И, наконец, сам язык платоновского произведения также близок к поэтическому по своему семантическому наполнению, ассоциативности и метафоричности. В качестве средств поэтической выразительности автор использует большое количество тропов. Это эпитеты: «черная пустынная яма», «смеющаяся любящая толпа», «неискупимый грех», «ясновидящая мысль», позволяющие более полно почувствовать переживания автора и проникнуться его картиной мира, а также метафоры и сравнения — от развернутого образа дороги («Мы же идем смеющейся любящей толпой по одной случайной дороге» (174)) и растительных метафор как характеристик растущего, меняющегося человека («Сердце это корень, из которого растет и растет человек» (174)) до окказиональных метафорических образов: «жизнь — высокий пламенный цвет» (174), «душа человека всегда жених, ищущий свою невесту» (174).

Но, несмотря на то, что проблематика и многие из формальных признаков «Поэмы мысли» связывают ее со стихотворением в прозе, субъектная организация произведения не вполне характерна для данного жанра. Это объясняется особенностью позиции самого субъекта повествования, который, с одной стороны, осознает себя частью человечества — одним из многих, но, с другой, отмечает свою личную ответственность за судьбу Вселенной. Собственное понимание мира и своей роли в нем я-рассказчик старается донести до других, включить их в зону ответственности за этот мир. Таким образом размывается свойственная стихотворению в прозе «общая установка на выражение субъективного впечатления или переживания» [Гаспаров 2001: 1039]. Внутренняя позиция я-рассказчика расширяется до общечеловеческих масштабов, становясь выражением мыслей и чувств всех людей: «мы носим свою тоску и жажду невозможного», «мы живем и радуемся», «Мы люди, мы часть этого белого света» (174-175). Употребляемое вместо «я» местоимение «мы» приобретает здесь объединяющую, универсализирующую функцию. Подобный прием характерен для поэтики Пролеткульта и связан с жанром манифеста. В качестве примера приведем известные строки из манифеста А. Гастева «О тенденциях пролетарской культуры» (1919 г.): «Мы идем к невиданно объективной демонстрации вещей, механизированных толп и потрясающей, открытой грандиозности, не знающей ничего интимного и лирического» [Литературные манифесты 2000: 428]. Здесь способом перехода от я к мы автор пытается проникнуть в воспринимающее сознание с целью проведения своей жизненной позиции.

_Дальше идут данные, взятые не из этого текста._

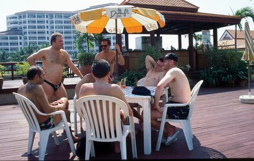Az repülőút Bangkokba vezetett, ahonnan Hua-Hinre vittek bennünket busszal, egy végeláthatatlan sorban teherautó-roncsokkal szegélyezett országúton. Hua-Hin egy kis falu a tengerparton, mellette pedig luxusszállodák sorakoznak – a miénk volt a harmadik. Ingyen adták a koktélokat, volt két hatalmas, formátlan úszómedencénk, egy szuper jakuzzink, illetve lehetett még banánhajózni, jetskizni és pogácsázni is a tengeren. Valahogy túléltük.

Такая специфичность субъекта речи вместе с постоянным переключением рассказчика с внешней

на внутреннюю точку зрения — характерная особенность субъектной организации анализируемого произведения Платонова. Рассмотрим это явление на примере первых двух абзацев. Начало поэмы: «На земле так тихо, что падают звезды» (174) — своеобразная увертюра, настраивающая читателя на космический масштаб изображаемого события, где рассказчик позиционирует себя внешним наблюдателем. Но уже со второго предложения внимание переносится в план внутреннего восприятия: «В своем сердце мы носим свою тоску и жажду невозможного. Сердце это корень, из которого растет и растет человек, это обитель вечной надежды и влюбленности» (174). Здесь собирательное местоимение «мы» выражает общечеловеческую душевную жажду, куда встроено внутреннее «я» повествователя. В следующем высказывании вновь происходит расширение взгляда повествователя до общекосмических масштабов с акцентом на самоощущении человечества, существующего в холодной негостеприимной вселенной: «Самое большое чудо — это то, что мы все еще живы, живы в холодной бездне, в черной пустынной яме, полной звезд и костров. В хаосе, где бьются планеты друг о друга, как барабаны, где взрываются солнца, где крутится вихрем пламенная пучина, мы еще веселее живем» (174). Употребление объединяющего «мы» служит способом приобщения я-рассказчика к тем контрастным настроениям, от тоски до веселья, которыми определяется жизнь людей на земле: «мы носим свою тоску», «мы все еще живы», «мы еще веселее живем». Но в следующих предложениях я-рассказчик отделяет себя от общей массы, вновь переходя в позицию внешнего наблюдателя. «Мы» преобразуется в «они» («люди»); «я» — в «он» («каждый»): «Холодный пустынный ветер обнимает землю, и люди жмутся друг к другу» (174), «Каждый узнает в другом свое сердце, и он слушает и слушает» (174).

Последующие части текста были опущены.